時には、プレーパークは様々な事情を持つ親や子の心の休憩所にもなっている。

プレーパークの中の子どもの表情や遊び方から、その子の様子や、今の家庭の状態もなんとなく推察できるという森さん。タイミングを見て、迎えにきたお母さんに声をかけ、少し話を聞く時間をつくる。

ある親子は地域に受け入れられず、遊ぶ場がないと思いつめていた時に、プレーパークを見つけやってきた。

参加当初は硬い表情で怒るばかりだったお母さんも、子どもに対する周りの対応と、回数を重ねるごとに子どもの様子が落ち着いていくのを見るにつけ、安心した顔で子どもと一緒にやってくるようになったという。

「わざわざやってくるのだから、その人も何かを変えたい、打破したいと思って来ているはず」ここが、まず子どもが落ち着ける場所であれば、きっと親との関係もよいように変わっていくと森さんは信じている。

わがまちで、プレーパークを!

岡山市庭瀬出身の森さん。農家に生まれ、子ども時代は兄に教えられた「どぶをかき回して、発生したメタンガスにマッチで火をつける」といった豪快な遊びが大好きな活発な女の子だった。

そんな森さんの子育ては、優秀な子を育てねばならないとのプレッシャーもあって、絵本を読む、自然と触れ合うといった情操教育に熱を入れる一方、いわゆる教育ママでもあった。

ある日、わが子にチック症の症状がみられ、授業が中断するほどだったことが学校から知らされる。

衝撃を受けた森さんは、そこから改めて子どもの心と成長、そして自分が母親として自分の子どもに何を求めどのように対峙してきたかを、考えるようになる。著名な臨床心理学者の著書を読み、「追っかけと言えるぐらい」講演会や勉強会に参加した。

森さんと子どもたち

そんな中思い出したのが、一度だけ自分の子どもを夏休みのキャンプイベントでつれていった、大阪自然教室の存在だった。

「キャンプの後、参加した子どもたちがそれぞれ感想文を書くの。他の子が、学校で習うような時系列に並んだ文章ではなく、いきいきと感動的な情景が思い浮かべられるような文章を書いていたことを思い出して」。

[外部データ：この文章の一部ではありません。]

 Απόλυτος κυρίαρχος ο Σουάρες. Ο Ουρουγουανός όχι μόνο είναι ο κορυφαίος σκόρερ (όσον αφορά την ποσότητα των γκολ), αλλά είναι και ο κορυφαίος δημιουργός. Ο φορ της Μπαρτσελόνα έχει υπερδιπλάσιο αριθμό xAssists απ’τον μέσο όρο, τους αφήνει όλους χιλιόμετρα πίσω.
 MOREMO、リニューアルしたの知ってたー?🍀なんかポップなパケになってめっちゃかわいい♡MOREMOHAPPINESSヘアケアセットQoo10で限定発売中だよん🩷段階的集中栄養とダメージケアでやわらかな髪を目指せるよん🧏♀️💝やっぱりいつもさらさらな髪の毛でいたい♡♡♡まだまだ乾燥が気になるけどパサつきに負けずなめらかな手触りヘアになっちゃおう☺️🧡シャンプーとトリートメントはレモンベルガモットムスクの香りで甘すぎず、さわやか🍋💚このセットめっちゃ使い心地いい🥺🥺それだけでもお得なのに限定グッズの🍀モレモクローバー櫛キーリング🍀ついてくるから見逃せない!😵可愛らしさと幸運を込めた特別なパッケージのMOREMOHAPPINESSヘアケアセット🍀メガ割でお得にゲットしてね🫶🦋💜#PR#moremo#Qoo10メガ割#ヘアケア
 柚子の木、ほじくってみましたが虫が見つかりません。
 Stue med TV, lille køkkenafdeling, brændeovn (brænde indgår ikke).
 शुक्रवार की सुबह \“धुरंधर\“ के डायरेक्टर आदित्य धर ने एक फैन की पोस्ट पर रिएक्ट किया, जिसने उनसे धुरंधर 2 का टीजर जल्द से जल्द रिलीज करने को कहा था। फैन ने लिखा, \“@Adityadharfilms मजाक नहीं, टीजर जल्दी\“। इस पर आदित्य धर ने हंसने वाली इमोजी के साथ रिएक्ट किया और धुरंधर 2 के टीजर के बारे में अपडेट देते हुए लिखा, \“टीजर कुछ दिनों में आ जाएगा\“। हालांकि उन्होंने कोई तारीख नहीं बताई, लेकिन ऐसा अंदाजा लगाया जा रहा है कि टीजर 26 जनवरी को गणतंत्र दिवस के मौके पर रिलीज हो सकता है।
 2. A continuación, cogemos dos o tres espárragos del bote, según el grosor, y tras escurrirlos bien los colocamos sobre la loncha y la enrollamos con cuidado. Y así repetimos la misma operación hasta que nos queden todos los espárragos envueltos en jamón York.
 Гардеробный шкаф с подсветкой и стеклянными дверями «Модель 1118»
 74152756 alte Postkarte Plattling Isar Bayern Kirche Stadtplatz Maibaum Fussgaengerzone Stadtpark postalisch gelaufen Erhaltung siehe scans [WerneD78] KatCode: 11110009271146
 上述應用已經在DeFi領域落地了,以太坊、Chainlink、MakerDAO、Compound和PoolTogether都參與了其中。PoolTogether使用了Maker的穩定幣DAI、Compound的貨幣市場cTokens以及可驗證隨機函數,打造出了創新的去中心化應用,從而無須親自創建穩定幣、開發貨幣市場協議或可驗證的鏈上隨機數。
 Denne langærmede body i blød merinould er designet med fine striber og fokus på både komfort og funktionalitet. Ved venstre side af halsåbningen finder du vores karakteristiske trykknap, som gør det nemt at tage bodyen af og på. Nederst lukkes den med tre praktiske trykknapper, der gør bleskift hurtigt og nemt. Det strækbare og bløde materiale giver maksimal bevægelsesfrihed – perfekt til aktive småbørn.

以前参加していた時の自分は、子どもの作文にダメ出しをするような母親だったという森さん。今度こそ、その自由さを思いっきり味わってほしいと、再度大阪自然教室に通い始める。野山を駆け廻りどろだらけになって遊ぶ子どもたち、心も身体も遊びきった満足感に満たされた寝顔を見るにつけ、いつしか子どもとその可能性を伸ばし育てることができるこの活動が、龍野にもあればと考えるようになった。

ただし「龍野というのは結構閉鎖的なところもあって、人が何をやっているのか、傍から誰かが見ていて噂をするようなこともあるのね」だから、地域では目立つようなことはしないでおこうと考えていた森さん。

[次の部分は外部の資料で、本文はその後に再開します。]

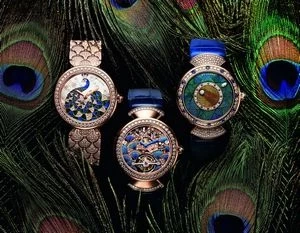 Часы Divas’ Dream с изображением павлина и маркетри из павлиньих перьев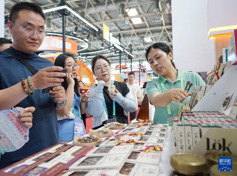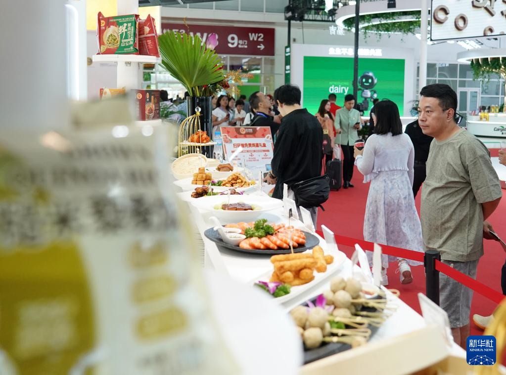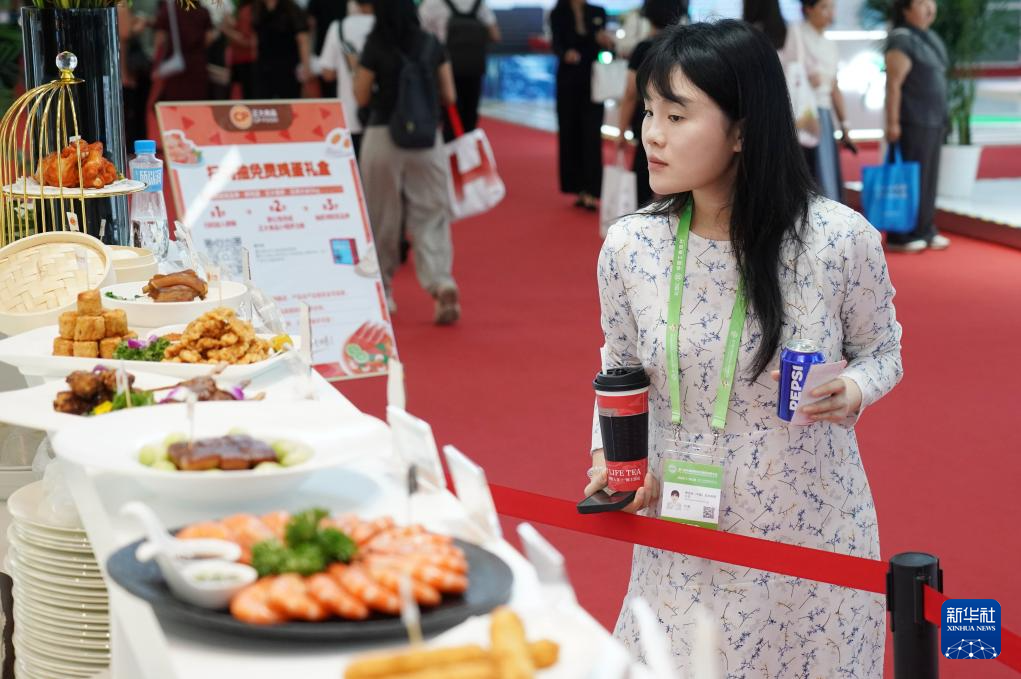7月18日,参会者在绿色农业链展区参观展出的美食。

自身がプレーパークを開催するなどとは考えもせず、地域では婦人会などで一住民としての務めを粛々と果たしていた。

しかし子どもと真摯に向き合うことは、一方で母親である自分自身を考えなおす契機ともなる。

森さんは「良い子を育てられることが良い母であり、女性としてあるべき姿である」という理想像に囚われ、それが生きにくさとなっていることに気づく。「子どもにあるがままのあなたでいいというなら、私も自分の人生を私の足で歩もうとふっきれた」

その当時、婦人会では子育て支援活動に関わっていた森さんは、もっと自分がやりたいことをしようと、プレーパークの立ち上げを決意。

そして平成17年、婦人会で一緒に活動していた仲間たちを口説き、子どもの遊び場を考える会赤とんぼを結成する。

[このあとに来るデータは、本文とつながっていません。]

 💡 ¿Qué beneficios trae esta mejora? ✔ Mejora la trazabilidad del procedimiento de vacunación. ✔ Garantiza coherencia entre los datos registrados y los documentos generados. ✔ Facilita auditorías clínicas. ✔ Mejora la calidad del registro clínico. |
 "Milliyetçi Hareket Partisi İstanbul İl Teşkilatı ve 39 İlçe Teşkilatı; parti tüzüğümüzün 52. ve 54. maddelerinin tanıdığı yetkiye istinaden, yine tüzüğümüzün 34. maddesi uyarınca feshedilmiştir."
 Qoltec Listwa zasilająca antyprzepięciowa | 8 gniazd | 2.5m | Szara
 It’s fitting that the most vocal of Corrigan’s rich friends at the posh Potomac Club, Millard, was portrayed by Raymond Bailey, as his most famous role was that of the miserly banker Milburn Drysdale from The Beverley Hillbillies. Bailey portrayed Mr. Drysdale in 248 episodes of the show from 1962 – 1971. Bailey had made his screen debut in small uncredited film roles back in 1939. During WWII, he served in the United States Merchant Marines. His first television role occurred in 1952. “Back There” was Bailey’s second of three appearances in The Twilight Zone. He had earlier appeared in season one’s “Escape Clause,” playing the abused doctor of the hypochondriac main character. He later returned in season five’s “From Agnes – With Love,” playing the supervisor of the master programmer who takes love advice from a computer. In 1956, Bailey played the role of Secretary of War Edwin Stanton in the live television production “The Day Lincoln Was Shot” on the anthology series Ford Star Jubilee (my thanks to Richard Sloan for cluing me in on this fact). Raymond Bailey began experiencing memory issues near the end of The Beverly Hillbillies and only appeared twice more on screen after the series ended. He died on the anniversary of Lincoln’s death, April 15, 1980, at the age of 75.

「子どものことと、飲み会が好きな普通の主婦だと思ってたのに。ここまで大きなことをつくり上げるなんて」と久々に帰郷した息子は驚く。

「人にどう言われても構わないと思えた。きっとそこが私が居直った瞬間だったのよね」と笑って話した。

森さんとボランティアリーダーのみなさん

森さんとボランティアリーダーのみなさん、氷の山でハイポーズ

西播磨みんなで変わろう

そんな森さんも今では龍野町小宅地区婦人会会長や、西播磨の地域活動促進を目指す西播磨元気プロジェクトの代表を務める。

子どもの活動に身を置く上で、初めは自身が暮らすたつの市しか見ていなかったと話す。

その視野が広がり、西播磨全体の活性化に携わるきっかけをもたらしたのが、県のビジョン委員として西播磨の他地域の委員らとともに取り組んだ、西播磨の子育て支援情報誌『わっ!と西播磨』の企画と発行だった。

特集を組むために情報収集をする中で、同じ子育て支援のプログラムであっても、ある市では取り組みがあるのに、他の市では行われていないという温度差があることを知る。そうした支援制度の差を知り、情報誌の中で比較されることで行政が見直すための促しになればいいと、考えるようになる。

そんなきっかけから自分の地域だけでなく、西播磨全体でより良く変わっていきたいという方向性が森さんの中に生まれたという。

出る杭大会開催風景

さらにその思いが大きくなり、今、森さんは西播磨元気プロジェクトの代表としての活動を進める。

特に意欲的に取り組むのが「出る杭大会」。「出すぎた杭は、根付き芽吹く」をスローガンに、西播磨地域で活動を行う団体、個人の発表の場をつくろうと始まった大会。

ブースやプレゼンテーションを通じて、学生やボランティア団体などが日頃の活動内容をアピールし、大賞や元気プロジェクト賞などが贈られる。平成25年4月で第12回を数える。今回は約2万4千人の来場者があった。

第11回大会から西播磨元気プロジェクトとして、開催を引き継いだ森さん。年に1回の大会を開催するだけで終わってしまうのはもったいないと考え、お互いが切磋琢磨できる地域のネットワークを構築しようと、受賞者同士の交流会議や育成講座の開催を決めた。

「大会には48の団体がエントリーした。その中で大賞を取るぐらいの活動を行える団体は、その手法をオープンにしていただき、西播磨全体が盛り上がっていくように協力してほしい」と意気込みを語る。

子どもが少なくなれば、必然的に子ども同士の関わりが減り、人格形成にも少なからず影響がある。そういった意味でもまちの活性化は不可欠なのだ。こうして森さんは、新たにまちづくりや地域活動といった分野でも活躍を広げている。

出る杭大会表彰式

子どもの心

子どもの時の楽しい思い出は、空のきらめきや風の温度といった、そこでの情景とともに子どもに刻み込まれる。森さんの夢はプレーパークがそうした記憶の中に残り続けること。

森さんが大切にしていることは「子どもの心」。生涯のテーマでもあるという。

活動の中でいつも想いをはせるのは、子どもが行動を起こす手前で、その子の中に必ず起きている、心の動きだそうだ。

そして森さんはその心の動きに寄り添わせるようにして、プレーパークを続ける。

「心を育てる、心を満たす、そして子どもの心を持って」森さんは活動を続けていく。